4月、今年もまた、みなさんの会社にも新入社員が入社してきたことだろう。その初々しく、どこかぎこちない様子に(最近はそうでもない人も多いらしいが)、しばし自分の新入社員時代を思い出した人、ついつい先輩風を吹かせてしまった人など、少なからずいるのではないだろうか。迎える側にとっても多少緊張する季節だ。

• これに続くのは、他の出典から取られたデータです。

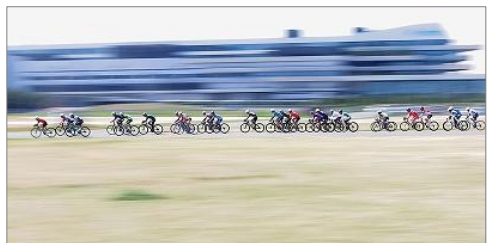
① 岩室 横列 堺市海とのふれあい広場 f/22 1/8 24 50

そんな新人たちが、職場になじみ、全員一人前の戦力として成長してくれることは望ましいことだが、現実はそうではない。厚生労働省の調査によると、新入社員が入社3年以内に辞めてしまう比率は、直近2013年入社者のデータで大学卒が31.9%、高校卒で40.9%に達している。新人の側からすれば、厳しい就活を乗り越えて入社したのに……、会社側から見れば、コストをかけてせっかく優秀な(と思われる)人材を採用したのに……と、数字だけ見れば双方ともに残念な結果ではある。
個別企業の状況はどうだろうか。
『CSR企業総覧』(東洋経済新報社)では、毎年、学歴にかかわらずすべての新入社員の3年後の在籍者数を調査している。今回2017年版の調査では、2013年4月に入社した社員が2016年4月に何人在籍しているかを答えてもらっている。この調査は、就職活動生を中心に注目度が高まっていることもあって、年々開示企業数が増加している。今回は1110社の回答を得られた(昨年は965社)。
離職者ゼロが118社、最大は中国電力の220人
ミスターこと長嶋茂雄氏と松井秀喜氏の国民栄誉賞授与が決定し、日銀の金融緩和指標が金利からマネタリーベースに変更するとともに、国債買入量を倍増するなどとした黒田バズーカが火を噴いた2013年4月。このとき入社した新入社員が、1人も欠けることなく2016年4月を迎えた企業は118社ある。